It Depends On Who’s Asking

Surkov (right) huddling with Medvedev back when the latter was just a lowly first deputy prime minister.

There has been a lot of analysis in recent months (even years) about the ways the ruling elite in Russia has bolstered its ideological infrastructure – that is, the network of purportedly independent political parties, nongovernmental organizations, think tanks, and the like that are brought to bear in many situations to press the Kremlin’s line or, at least, to blur the non-Kremlin lines.

Orchestrated by deputy presidential administration head Vladislav Surkov, this apparent network (it appears to be a horizontal arrangement, but is actually a key component of the power vertical) has proven very successful in containing political discussion and muting dissent. Analyst Nicu Popescu of the Center for European Policy Studies published a nice, three-page description of this network – both within Russia and within the CIS countries – in 2006 that is still worth reading closely.

Polling agencies make up an important part of this network, as a recent RFE/RL Russian Service story notes. The Goliath among Russian pollsters is the All-Russia Center for the Study of Public Opinion (VTsIOM), a quasi-state agency that is virtually a wing of the ruling United Russia party. The party is listed as the agency’s main partner organization and VTsIOM’s homepage includes “facts” such as that Russians support United Russia by a margin of 54 percent to the 7 percent of the second-place Communists. Likewise, it notes that party leader and Prime Minister Vladimir Putin is the country’s most trusted politician (53 percent), followed by President Dmitry Medvedev (43 percent) and a few dwarves lagging back in single digits.

It also informs us that if a presidential election were held right now, Medvedev would win with 48 percent of the vote, followed by Communist Party leader Gennady Zyuganov, whose support has supposedly dwindled to just 6 percent. Interestingly, VTsIOM apparently decided it wasn’t worth including Putin among the list of possible candidates in its hypothetical presidential poll.

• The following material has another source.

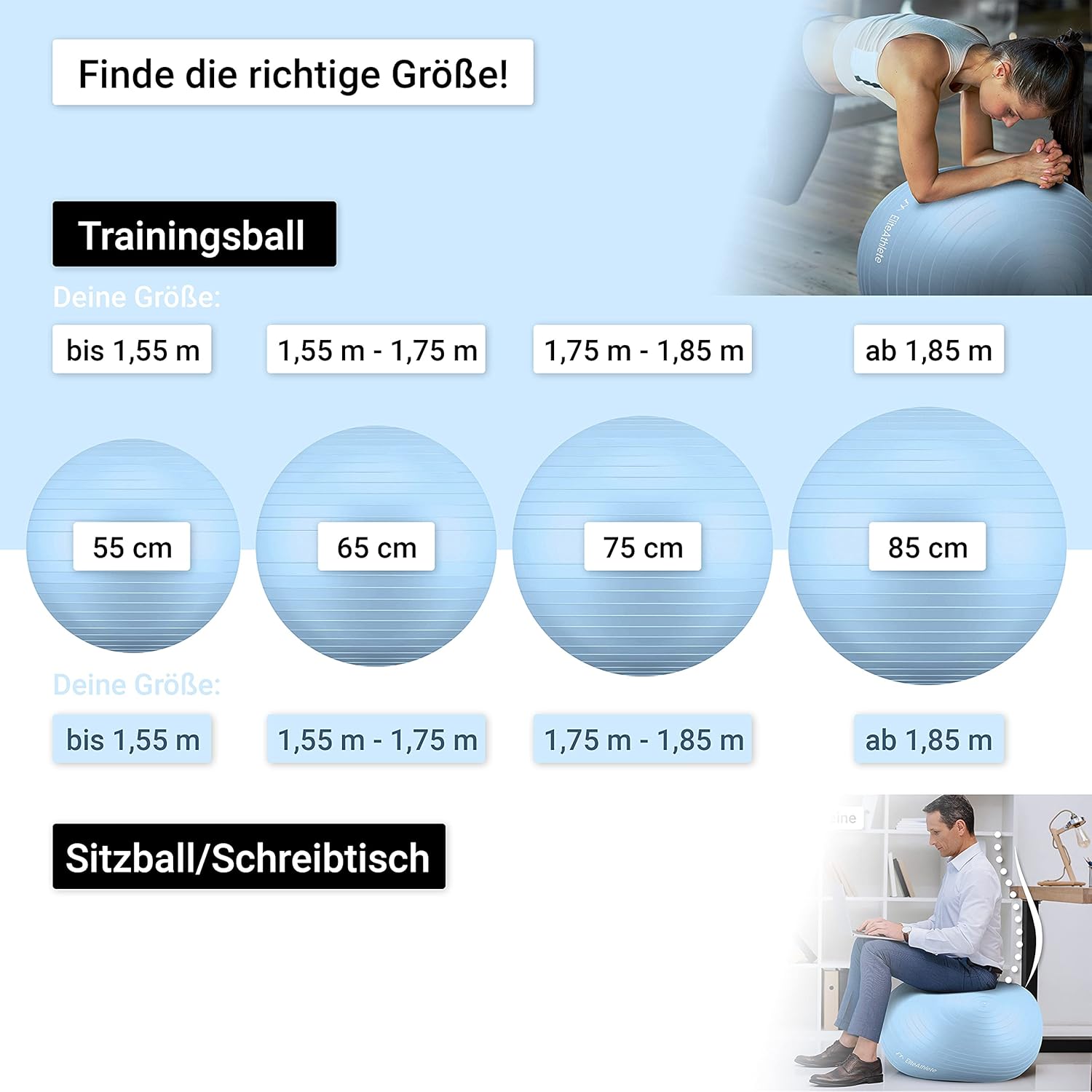 - 𝗘𝗫𝗧𝗥𝗔 𝗥𝗢𝗕𝗨𝗦𝗧 - Unsere Sitzbälle bestehen aus besonders hochwertigem + dicken Material und sind so extra robust! Erhältlich in verschiedenen Grössen von 55cm 65cm 75cm + 85cm. Eine Luftpumpe ist im Lieferumfang erhalten.

Our Russian Service’s report focused on two recent opinion polls that offered starkly different analyses of public opinion regarding the current economic crisis. One was issued by the Kremlin-friendly VTsIOM and the other by the independent Levada Center, which was founded in 2003 by sociologists who broke away from VTsIOM when they saw which way the wind was blowing.

The VTsIOM report on the crisis found that “the peak of [public] concern about the crisis came in February.” At time, 56 percent of respondents said they were “very worried” about the situation, compared to just 43 percent in April. The poll found that 66 percent of Russians say life has become harder, but the situation is bearable. “In my opinion,” VTsIOM General Director Valery Fyodorov told RFE/RL, “that is perhaps the most indicative figure showing that a process of adapting to the crisis is under way.”

Levada Center researcher Natalya Bondarenko says “the growth of pessimism” has slowed in Russia, but there is no increase in optimism about the crisis. Seventy percent of respondents in their study last month said they expect unemployment to grow. Twenty-one percent said they personally or a close relative had already lost a job in recent months.

Nikolai Petrov attributes the differences in interpretation (and dissemination of those interpretations) to VTsIOM’s pro-government leaning as opposed to the Levada Center’s independence. He told RFE/RL that recent local elections in Murmansk, Sochi, and elsewhere have shown that “increasingly often the power vertical is not working,” meaning that “the federal center has weakened and those mechanisms that ensured loyalty – primarily, large infusions of cash – don’t work anymore.”

“We are seeing a ‘thawing’ of society,” Petrov added. “At the same time, we are seeing a ‘thawing’ of the ruling elite. The appearance of a monolith is being maintained, but on closer inspection very serious and intensifying conflicts are visible.”

I’m not sure how much I agree with Petrov’s analysis, although I do think some sort of “thawing” is taking place (not a liberalization, but a kind of reorientation as factions within the ruling elite compete for a dwindling pool of resources). Perhaps what we have seen in recent local elections is an attempt (a possibly premature attempt) by Surkov to put the mechanics of rigging elections into the hands of United Russia directly.

He is surely smart enough to know the period between national elections is the ideal time for trying out new processes that could come in handy during the next national cycle. And he may yet be confident enough to think that he can devise mechanisms that will produce the same reliable national results as he achieved in 2007 and 2008, but without quite as many egregiously embarrassing lapses in the Kremlin’s official “we are marching toward democracy” narrative.